As so many things do, it all comes back to late capitalism.
And a few bonus links from Dame Margaret
Does NBC’s new sitcom Indebted look… great? Not quite. Am I going to watch anything featuring Fran Drescher as Adam Pally’s mom, though? Yes, yes I am. And, likewise, I am going to celebrate any project that leads to Fran Drescher being profiled in The New York Times by Amanda Hess.
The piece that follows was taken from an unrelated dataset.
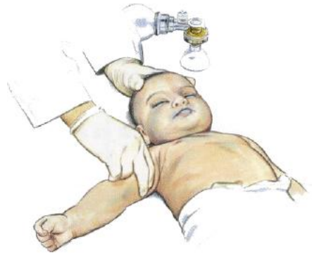
Ilustración 8. Detección de pulso en arteria braquial

It’s not quite as exciting as the news that Rachel Bloom and Adam Schlessinger (the team who brought us Crazy Ex-Girlfriend’s many bulletproof bops) are adapting The Nanny into a Broadway musical, but it’s still a good reason to recall what an incredible style icon said sitcom’s Fran Fine really was.
To complement Samantha’s great work on Oscar fashion, here are three valuable pieces on different aspects of the same subject:
First up: Vulture’s Angelica Jade Bastien reflecting, in the wake of Kirk Douglas’s death, on just what it means to mourn the ”Golden Age of Hollywood,” and how to love the products of a corrupt system without sacrificing your awareness of the damage that system wrought.
Second, from The New York Times, comes an oral history of one of the more effective and influential bits of hashtag activism to date: #OscarsSoWhite
And, saving the lightest for last, how about a close look at the time in March of 2000 when all 55 of the Academy’s Oscar statuettes were stolen— and how the police managed to find 52 of them.